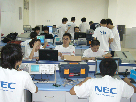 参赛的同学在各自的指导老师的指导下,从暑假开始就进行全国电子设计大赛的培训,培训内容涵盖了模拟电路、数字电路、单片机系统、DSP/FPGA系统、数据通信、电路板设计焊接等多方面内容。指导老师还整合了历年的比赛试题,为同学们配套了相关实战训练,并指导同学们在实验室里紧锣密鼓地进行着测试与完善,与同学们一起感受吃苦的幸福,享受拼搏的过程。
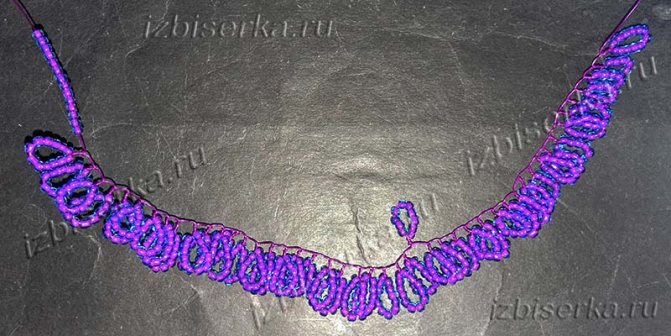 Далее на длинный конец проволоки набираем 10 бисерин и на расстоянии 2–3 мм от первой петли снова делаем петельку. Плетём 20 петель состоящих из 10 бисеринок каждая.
* * *
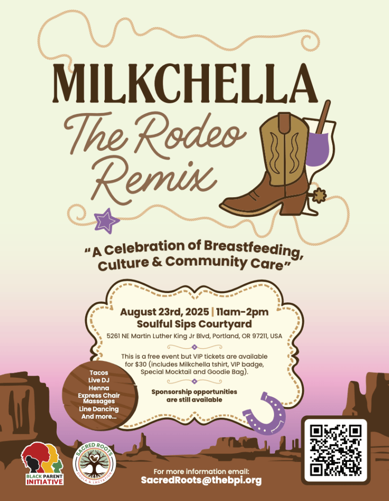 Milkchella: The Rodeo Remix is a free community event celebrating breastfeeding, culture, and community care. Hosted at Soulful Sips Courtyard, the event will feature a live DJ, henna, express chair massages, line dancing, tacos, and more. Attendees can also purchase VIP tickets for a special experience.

_PROBLEM DETAILS_
Starting at the line containing "参赛的同学在各自的指导老师的" and stopping at the line containing "Далее на длинный", output every line above exactly, both ends included, with pictures omitted.

_RESPONSE AREA_
 参赛的同学在各自的指导老师的指导下,从暑假开始就进行全国电子设计大赛的培训,培训内容涵盖了模拟电路、数字电路、单片机系统、DSP/FPGA系统、数据通信、电路板设计焊接等多方面内容。指导老师还整合了历年的比赛试题,为同学们配套了相关实战训练,并指导同学们在实验室里紧锣密鼓地进行着测试与完善,与同学们一起感受吃苦的幸福,享受拼搏的过程。
 Далее на длинный конец проволоки набираем 10 бисерин и на расстоянии 2–3 мм от первой петли снова делаем петельку. Плетём 20 петель состоящих из 10 бисеринок каждая.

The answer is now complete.